The input section start
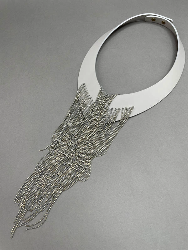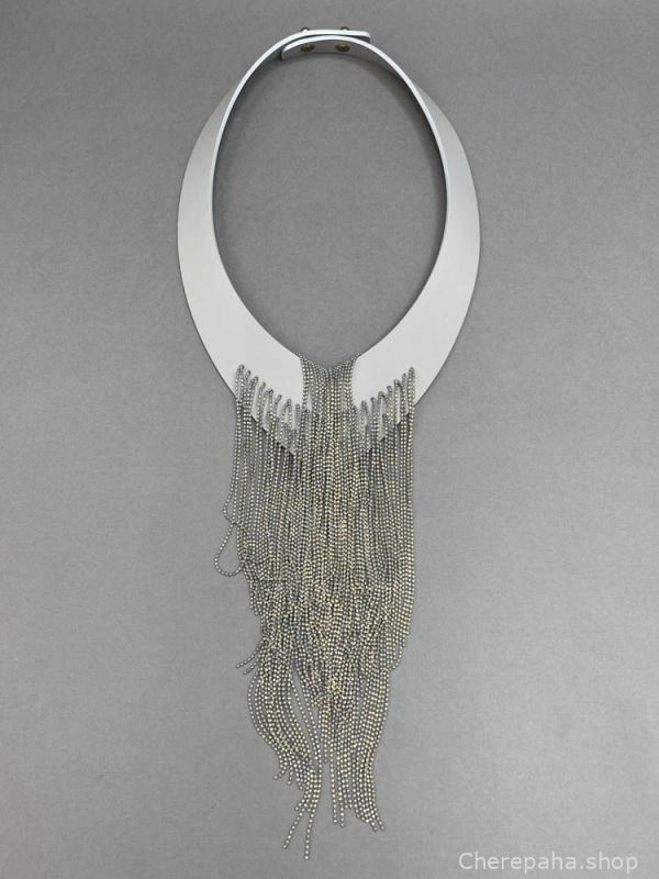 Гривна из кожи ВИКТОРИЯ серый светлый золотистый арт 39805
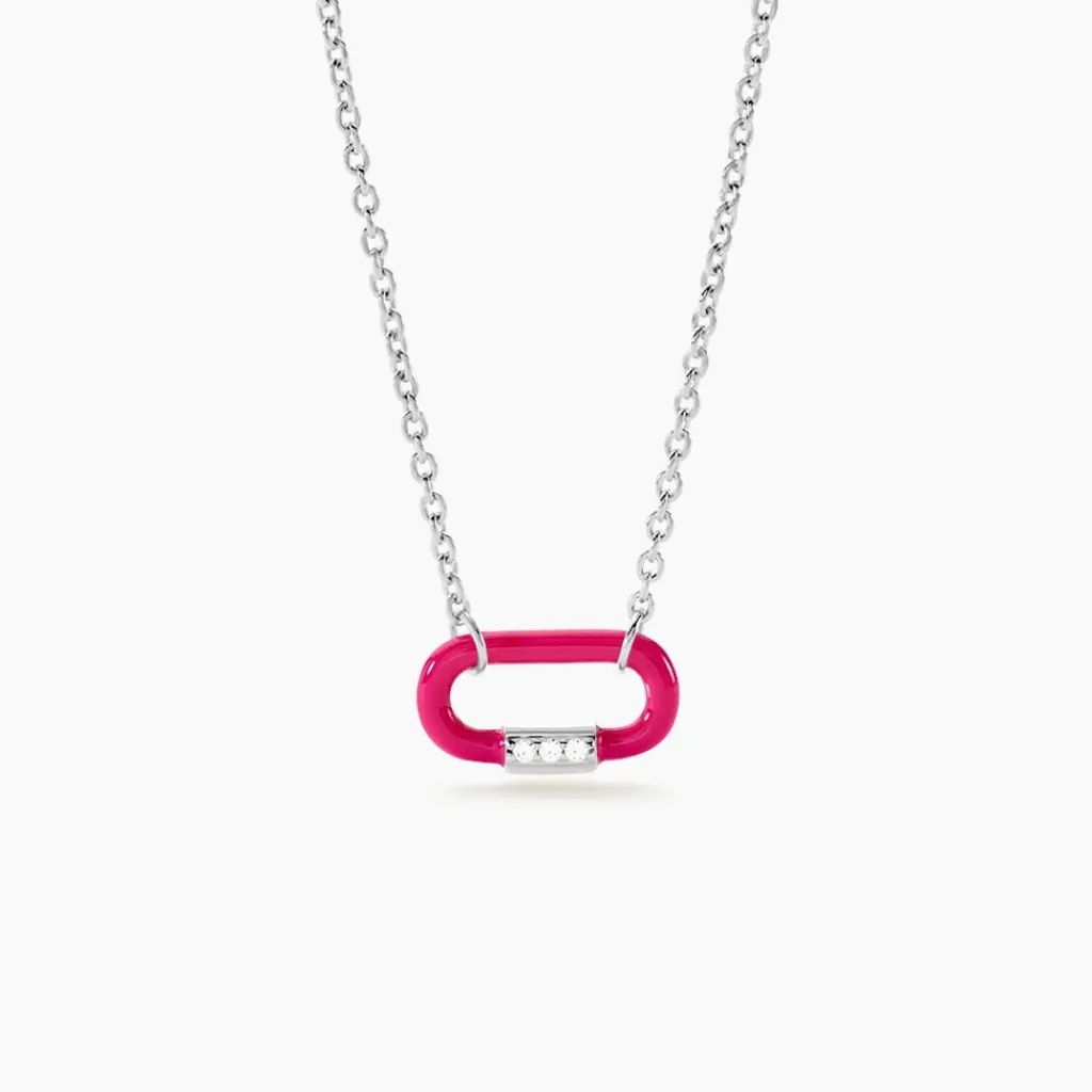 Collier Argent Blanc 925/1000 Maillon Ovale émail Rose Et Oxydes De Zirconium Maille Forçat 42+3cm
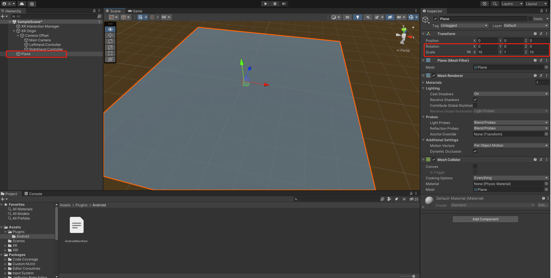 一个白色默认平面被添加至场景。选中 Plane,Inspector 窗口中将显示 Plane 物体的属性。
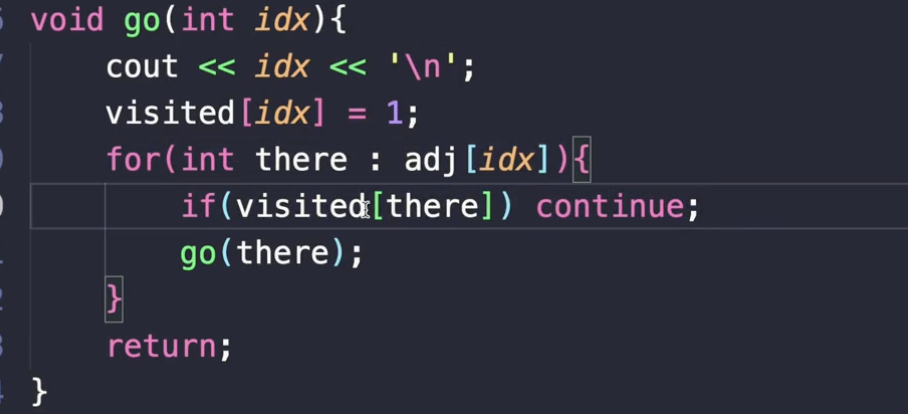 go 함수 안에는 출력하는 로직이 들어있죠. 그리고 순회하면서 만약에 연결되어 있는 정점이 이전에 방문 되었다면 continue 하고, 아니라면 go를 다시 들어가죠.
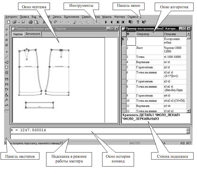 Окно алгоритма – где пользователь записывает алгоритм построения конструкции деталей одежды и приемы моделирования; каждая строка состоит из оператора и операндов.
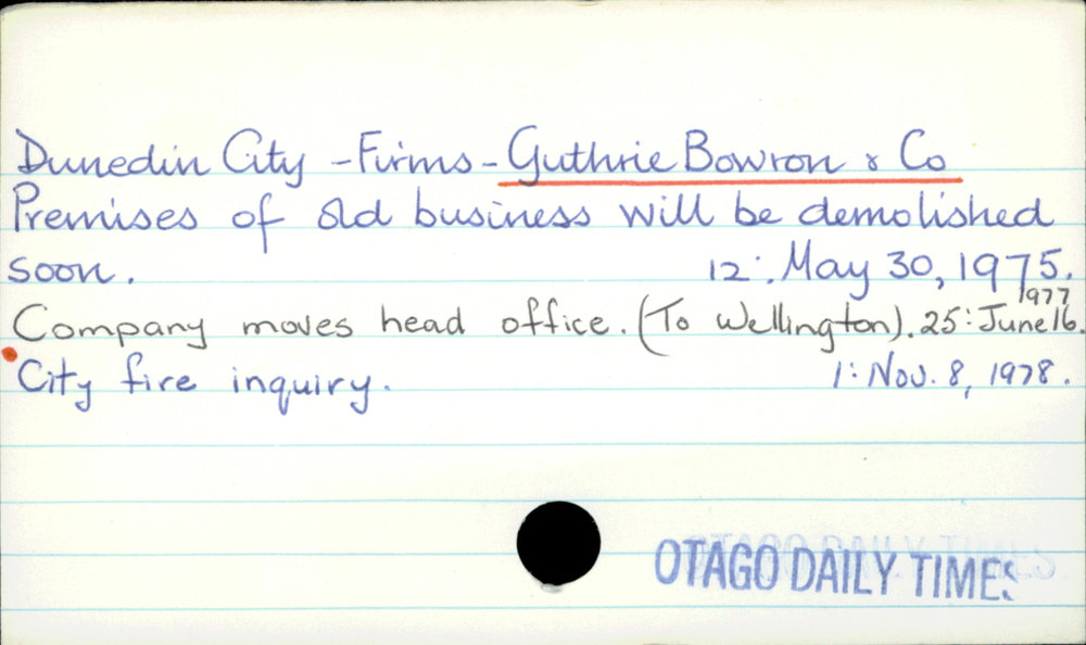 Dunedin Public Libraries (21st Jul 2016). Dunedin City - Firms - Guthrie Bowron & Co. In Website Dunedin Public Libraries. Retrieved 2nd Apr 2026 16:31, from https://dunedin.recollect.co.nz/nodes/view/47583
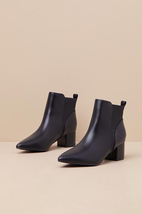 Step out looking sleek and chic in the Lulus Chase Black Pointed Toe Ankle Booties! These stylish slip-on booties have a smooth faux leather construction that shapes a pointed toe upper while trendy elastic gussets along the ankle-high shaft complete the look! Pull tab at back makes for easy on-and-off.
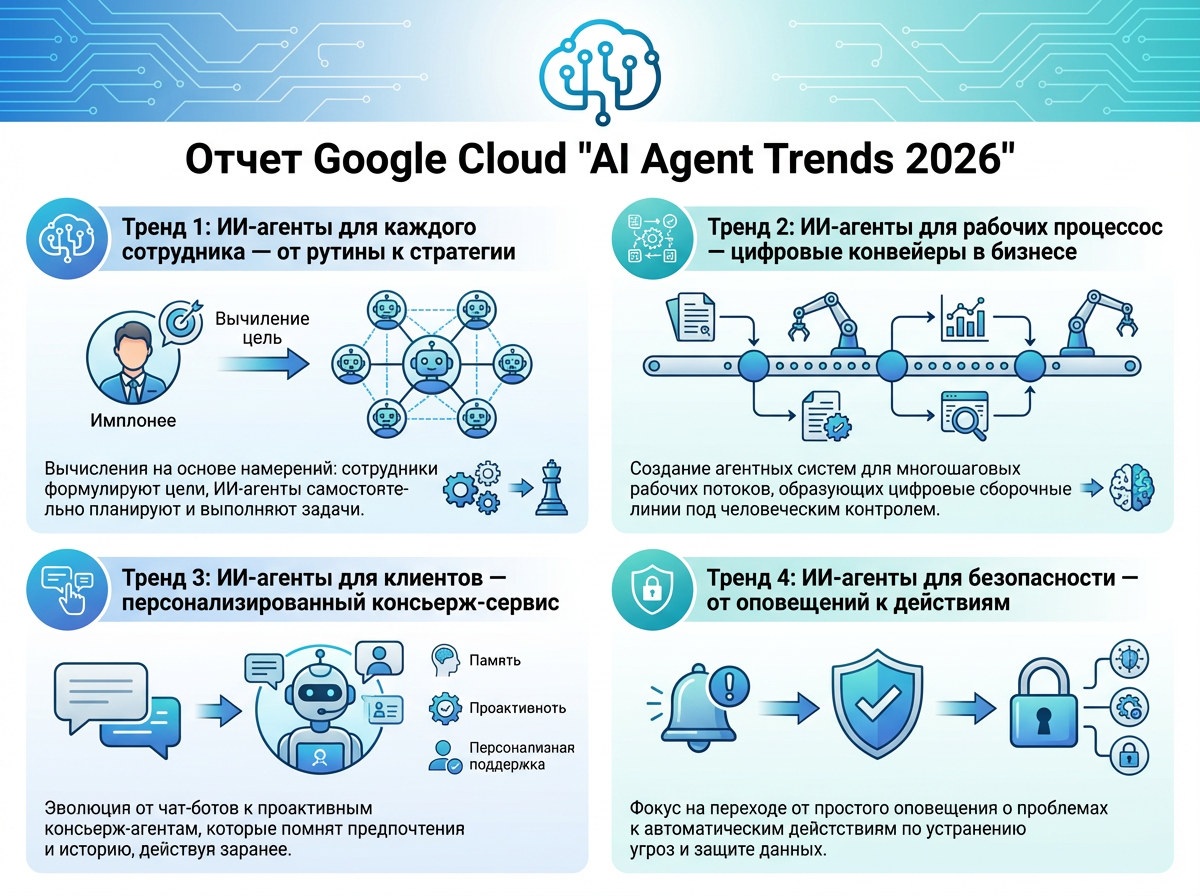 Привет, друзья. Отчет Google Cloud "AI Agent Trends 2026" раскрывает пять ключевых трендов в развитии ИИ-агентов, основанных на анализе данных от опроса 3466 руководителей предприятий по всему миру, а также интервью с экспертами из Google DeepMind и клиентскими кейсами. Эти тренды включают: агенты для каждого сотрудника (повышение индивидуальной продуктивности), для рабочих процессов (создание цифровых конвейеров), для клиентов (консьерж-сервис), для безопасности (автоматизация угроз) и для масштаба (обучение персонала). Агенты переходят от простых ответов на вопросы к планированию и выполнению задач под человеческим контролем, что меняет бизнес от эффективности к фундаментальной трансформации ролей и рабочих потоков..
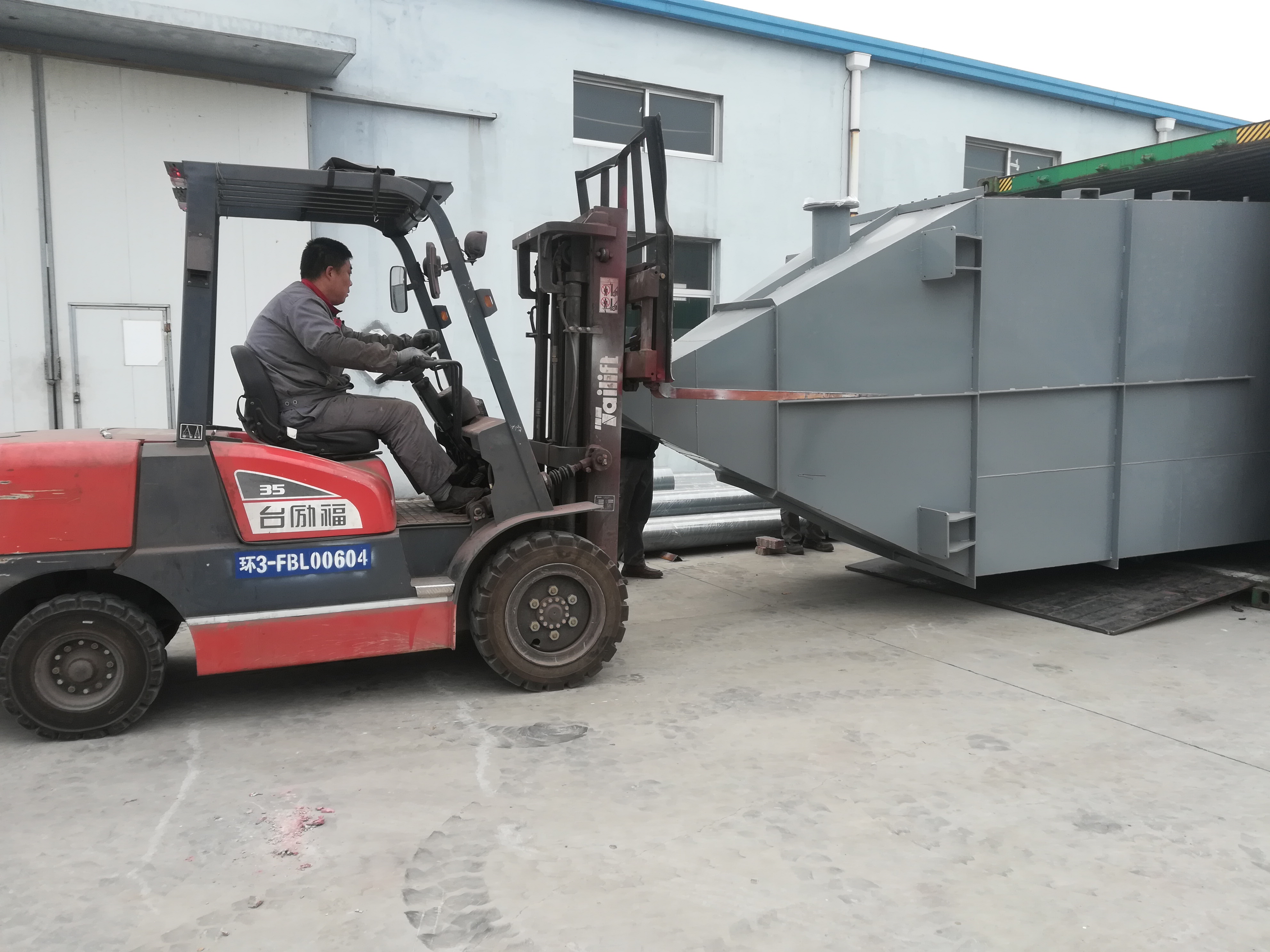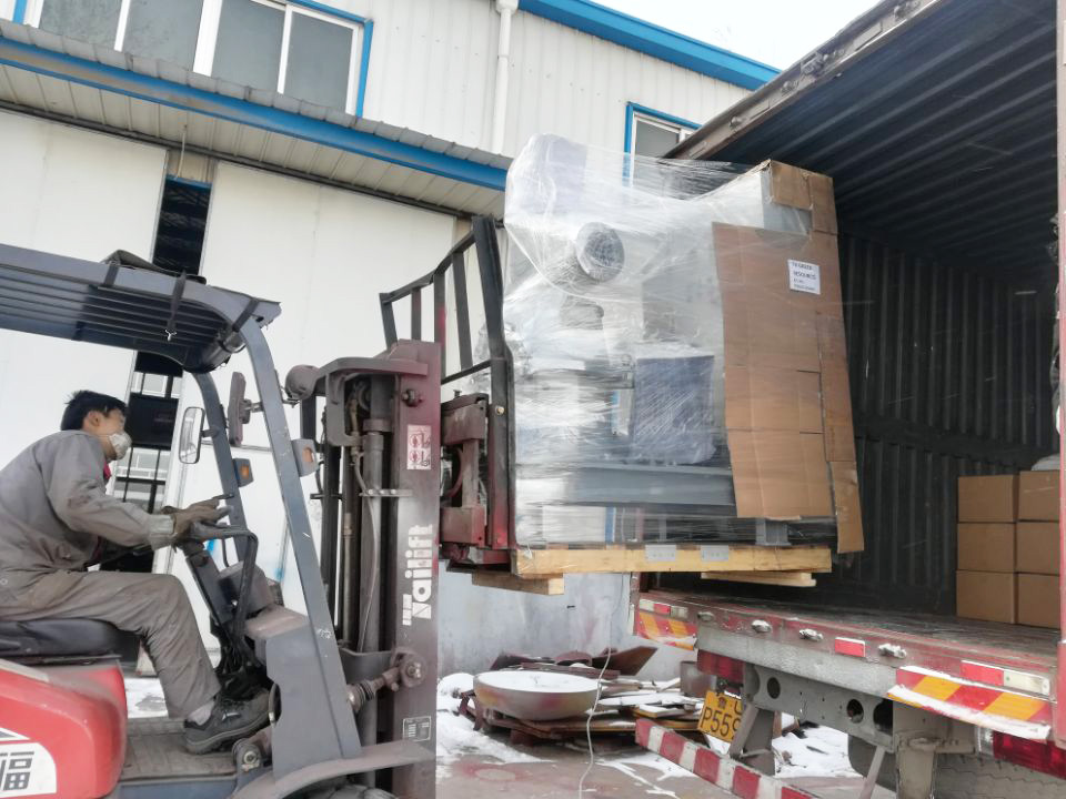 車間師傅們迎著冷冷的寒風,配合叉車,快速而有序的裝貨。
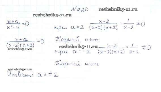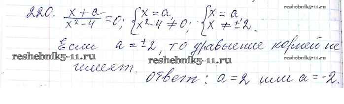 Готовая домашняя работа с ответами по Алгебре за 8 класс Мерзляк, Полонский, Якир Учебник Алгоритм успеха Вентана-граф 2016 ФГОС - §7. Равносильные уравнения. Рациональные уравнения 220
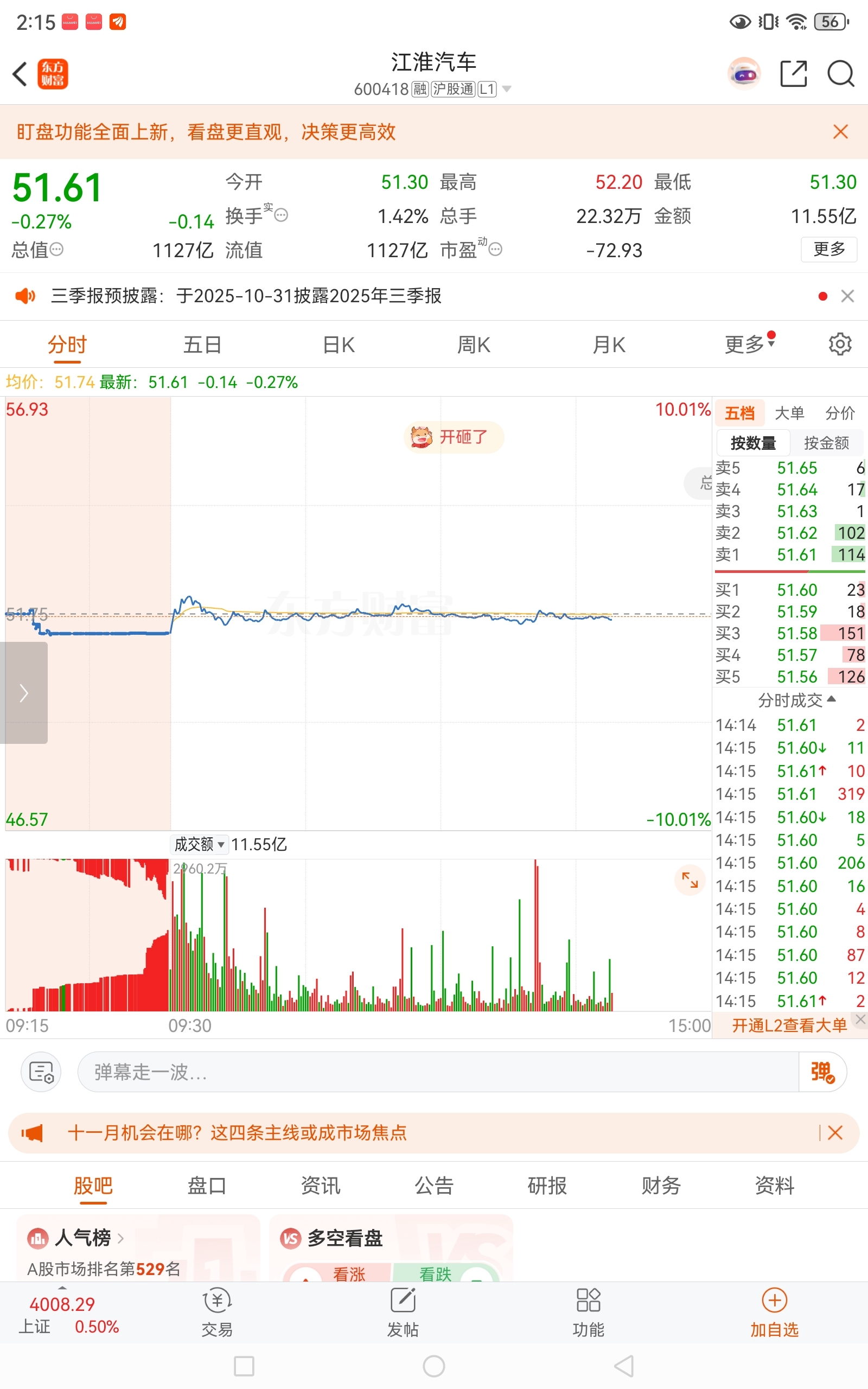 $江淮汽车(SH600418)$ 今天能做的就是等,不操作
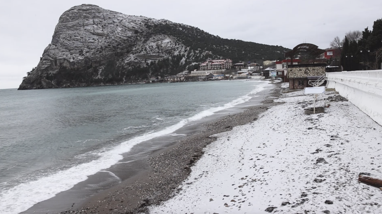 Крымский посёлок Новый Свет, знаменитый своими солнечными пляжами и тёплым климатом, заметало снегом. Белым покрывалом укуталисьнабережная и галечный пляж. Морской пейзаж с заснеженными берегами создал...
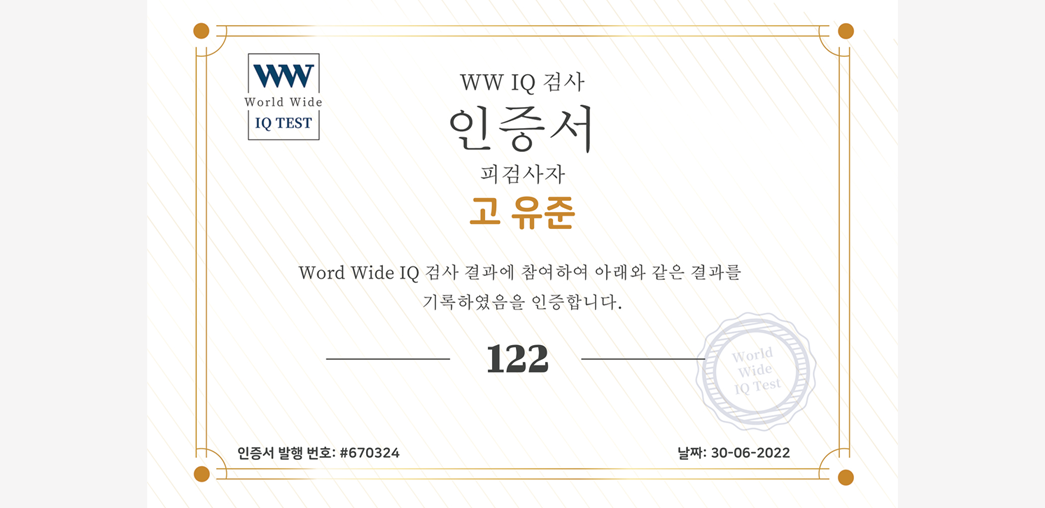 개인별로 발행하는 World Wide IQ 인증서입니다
The input section end
Reproduce the data word for word; no pictures.

 Гривна из кожи ВИКТОРИЯ серый светлый золотистый арт 39805
 Collier Argent Blanc 925/1000 Maillon Ovale émail Rose Et Oxydes De Zirconium Maille Forçat 42+3cm
 一个白色默认平面被添加至场景。选中 Plane,Inspector 窗口中将显示 Plane 物体的属性。
 go 함수 안에는 출력하는 로직이 들어있죠. 그리고 순회하면서 만약에 연결되어 있는 정점이 이전에 방문 되었다면 continue 하고, 아니라면 go를 다시 들어가죠.
 Окно алгоритма – где пользователь записывает алгоритм построения конструкции деталей одежды и приемы моделирования; каждая строка состоит из оператора и операндов.
 Dunedin Public Libraries (21st Jul 2016). Dunedin City - Firms - Guthrie Bowron & Co. In Website Dunedin Public Libraries. Retrieved 2nd Apr 2026 16:31, from https://dunedin.recollect.co.nz/nodes/view/47583
 Step out looking sleek and chic in the Lulus Chase Black Pointed Toe Ankle Booties! These stylish slip-on booties have a smooth faux leather construction that shapes a pointed toe upper while trendy elastic gussets along the ankle-high shaft complete the look! Pull tab at back makes for easy on-and-off.
 Привет, друзья. Отчет Google Cloud "AI Agent Trends 2026" раскрывает пять ключевых трендов в развитии ИИ-агентов, основанных на анализе данных от опроса 3466 руководителей предприятий по всему миру, а также интервью с экспертами из Google DeepMind и клиентскими кейсами. Эти тренды включают: агенты для каждого сотрудника (повышение индивидуальной продуктивности), для рабочих процессов (создание цифровых конвейеров), для клиентов (консьерж-сервис), для безопасности (автоматизация угроз) и для масштаба (обучение персонала). Агенты переходят от простых ответов на вопросы к планированию и выполнению задач под человеческим контролем, что меняет бизнес от эффективности к фундаментальной трансформации ролей и рабочих потоков..
 車間師傅們迎著冷冷的寒風,配合叉車,快速而有序的裝貨。
 Готовая домашняя работа с ответами по Алгебре за 8 класс Мерзляк, Полонский, Якир Учебник Алгоритм успеха Вентана-граф 2016 ФГОС - §7. Равносильные уравнения. Рациональные уравнения 220
 $江淮汽车(SH600418)$ 今天能做的就是等,不操作
 Крымский посёлок Новый Свет, знаменитый своими солнечными пляжами и тёплым климатом, заметало снегом. Белым покрывалом укуталисьнабережная и галечный пляж. Морской пейзаж с заснеженными берегами создал...
 개인별로 발행하는 World Wide IQ 인증서입니다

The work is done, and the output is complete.